Les Américains et leurs « alliés » (quand on a un fusil sur la tempe, on se rallie au plus fort. Mais le plus fort ne dormira jamais en paix tant que nous – et nos enfants, et les enfants de nos enfants… – vivrons) tentent par tous les moyens de ne pas perdre cette guerre qu'ils ont initiée, la perdant par le fait même.
L'insurrection afghane se transforme donc en patriotisme malgré la corruption systématique de son gouvernement. Nous croyons l'Afghanistan corrompue. Mais la Mondialisation, dont nous sommes les témoins, exporte cette corruption hors les frontières des états souverains. Tous ont intérêt à ce que fonctionne la corruption pour survivre. La corruption fait partie inhérente de notre culture. Elle nous traverse et nous décentre bien malgré nous de nos valeurs que l'on croyait universelles.
Chacun peut éprouver un furtif sentiment de gêne – même inconscient, ce sentiment éprouvé est rapidement enfoui sous une liasse de gaieté mortifère – en payant un bien comptant afin de ne pas acquitter les taxes d'usage, en dissimulant un revenu, en cherchant l'abri fiscal, en investissant dans des fonds mutuels permettant un accroissement du capital.
Certes, on ne peut blâmer quelqu'un de vouloir améliorer son sort. Mais que vaut l'argent que l'on accumule quand celui-ci n'a pas son étalon en labeur ? Où se trouve le sentiment (l'épuisement) qui conforte, endort, permet le repos ? Comment aimer sans épuisement ? Comment jouir sans faille ? Comme vivre sans mourir ?

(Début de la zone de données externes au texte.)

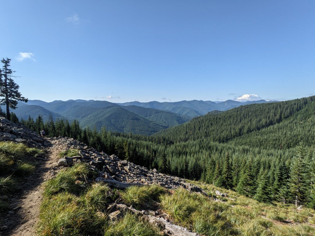 This is it! Last 3 miles to the border and then 8 more to the highway. This makes it 670 miles from Sisters to Canada in 42 days. About 90,000ft of elevation gain. One zero in Leavenworth, 5 nearos (Timberline Lodge/Govy, Cascade Locks, Trout Lake, Snoqualmie/Seattle, and Stehekin), 1 hero (White Pass). Sent the bear can, puffy, and microspikes home in Trout Lake (250 miles in). Got new shoes after 400 miles. Also got a belt, since the cinch on my pants wasn’t cutting it anymore. The belt didn’t really do the job much better, but at least my pants weren’t falling off. I had gained weight before the trip in anticipation of the calorie deficit, but I struggled to eat enough each day. Not for a lack of trying. I lost a fair bit of weight in a short time, but I still feel healthy. I feel strong, like my legs could go far longer each day. My feet are battered, but tough, and I only got one blister early on. I haven’t used leukotape in weeks, my feet do just fine in my Darn Toughs. I’m sick of Injinjis, but they were nice at the start to prevent between-the-toes blisters. I eventually switched solely to Darn Toughs and have been happy with them. My sun shirt smells so bad, and I think it has stopped being effective at blocking the sun because the back of my neck has felt burned the past few days. Switched to an Ursack back in Leavenworth (8oz instead of 40oz for the bear can), worth it. The 3 miles before the border were effortless and full of anticipation. The monument was great to see and we shared the experience with some hikers from the class of 2022 who had similar stories about finishing their hikes. It was fun to keep the mood light, especially after such long distances. Lots of photos and laughs. Once we got moving again we first encountered a bridge that was quite rickety and made me nervous while walking across, but it held out. Mostly downhill with a few inclined sections, the miles went quick enough. Although I sent some confusing text messages to my waiting parents, they figured out what I meant and met us along the trail about 1.5 miles in from the trailhead and finished it out with us. It was great to give them a hug and walk out of the woods together. We learned that they had met Strider and her tramily at the Manning Park restaurant earlier in the day. We got food and went back to the AirBnb to shower. It felt so nice to take a shower and not have to rush through it. And to sleep in a bed! The next day we learned of new fires near the trail that closed the section we just hiked through. We got out in the nick of time! What an end to our PCT hike.

Comme on a, depuis les années soixante-dix, supprimé l'étalon or comme poids relatif à l'avoir des états, on flotte dans les croyances (le crédit) de toutes sortes. Nous sommes en pleine crise de croyance. Et c'est le fondement même du capitalisme de créer des asymétries d'informations pour manipuler les masses. Prises individuellement, les personnes se sentent isolées, sans voix comme l'écrivait Gilles Deleuze, et s'empressent de rejoindre la masse aveugle et terrifiée des citoyens qui se serrent les uns contre les autres (inquiétante réminiscence des trains de la mort nazis) pour se réchauffer et survivre à l'horreur.
Le prochain train pour l'Auschwitz du vingt-et-unième siècle arrive en gare. Et ceux-là même qui furent assassinés auront légué en héritage à leurs enfants (René Char écrivait : « Notre héritage ne comporte aucun testament », rien qui ne soit écrit pour nous guider dans nos actions et nos « instructions » futures) une amnésie chargée de cruauté et de barbarie, leur assurant la possibilité de se transformer en sifflets de manœuvre. Le transfert opère très bien entre les générations et les vengeances ne perdent pas une ride au fil du temps.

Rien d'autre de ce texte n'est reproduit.